Norges Bank boosted its deposit rate by a quarter point to 1.5 per cent on Wednesday, as predicted by all 10 analysts surveyed in a Reuters poll last week.

The hike from record low levels will help its already recovering economy offset hefty fiscal stimulus unleashed by the government during the worst of the global crisis.

But with most of the developed world still far away from raising rates, Norges Bank warned that it may scale down projected tightening if the crown currency strengthens too much.

Unlike its Nordic peers, Norway's economy suffered only a shallow recession after credit markets collapsed 13 months ago, helped by its vast offshore oil and gas sector.
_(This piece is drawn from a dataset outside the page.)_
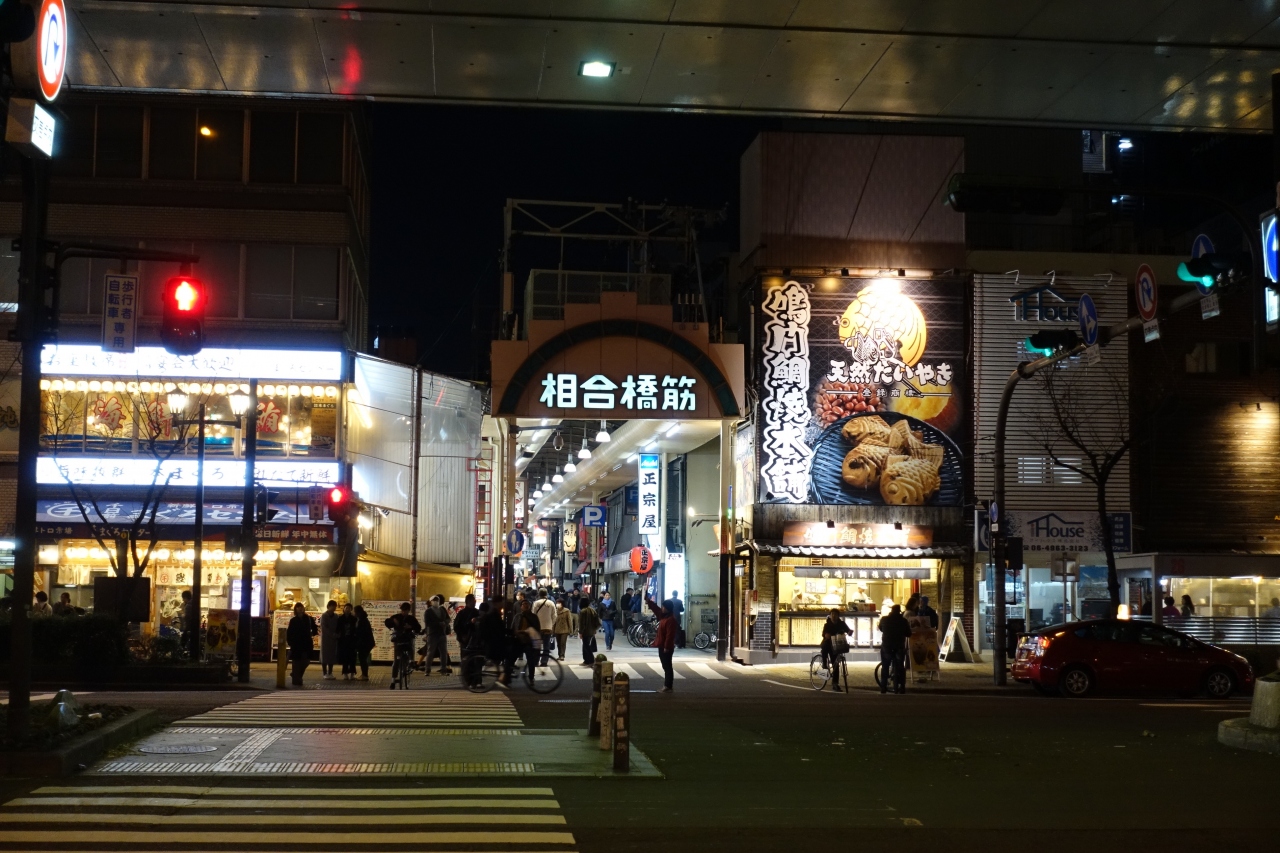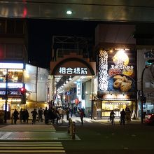 道頓堀川に架かる橋のひとつに「相合橋」があり、この名前にちなんだ商店街が相合橋筋商店街です。「相合橋」からまっすぐ南に向かった場所です。観光客であふれる千日前の中心部などとはことなり、やや地味な印象があります。行き交う人も地元の方が多いようで、ガイドブックには載っていない穴場的なお店も多いです。

"Fortunately for the Norwegian economy, oil prices have remained relatively high," Governor Svein Gjedrem said. "The measures implemented also seem to have been effective.

"Household demand for goods and services and the willingness to pay for housing are again on the increase ... the liquidity crisis in the banking sector has passed and it is appropriate to phase out the extraordinary measures," he said.

Australia and Israel have already raised interest rates but in Europe no move is expected from the European Central Bank and Bank of England before the second half of next year.

After holding rates at a record low last week, neighbouring Sweden's central bank said it expected no policy tightening for another year although many analysts expect them to raise sooner than that, maybe as early as April 2010.

Norges Bank said it envisaged the key rate between 1 1/4 and 2 1/2 per cent until late March next year when it will produce fresh economic and monetary forecasts.

"The key policy rate should thereafter be raised gradually," said Mr. Gjedrem.

Analysts say the bank seeks to keep rates around the mid-point of the range, in this case 1.75 per cent, implying another quarter point rate rise by late March, 2010.

"There will be only one rate hike during the next two meetings. It seems like the crown means more to Norges Bank than expected," said Frank Jullum, chief economist at Fokus Bank.

The crown rose by about half a per cent against the euro after the decision, helped by the prospects of a growing spread between rates in Norway and elsewhere. It has strengthened by 8 per cent from July lows, and by a total of 14 per cent so far in 2009, stoking concern in the export industry.

"Should the crown appreciate considerably more than projected, the interest rate may be increased to a lesser extent or later than currently envisaged," Norges Bank said.

Norges Bank projections show the main rate up to 2.59 per cent in December, 2010, and at 3.83 per cent at the end of 2011.

Emerging from a mild recession in the second quarter, the world's No. 5 oil exporter and Europe's second biggest natural gas producer has recovered from the global downturn faster than anticipated due to massive stimulus.

Digging deeper into Norway's oil windfall, the government injected more than 4 per cent of gross domestic product in stimulus this year and plans to add a similar amount in 2010.

Norges Bank has cut borrowing costs seven times over the past 12 months to a record low of 1.25 per cent.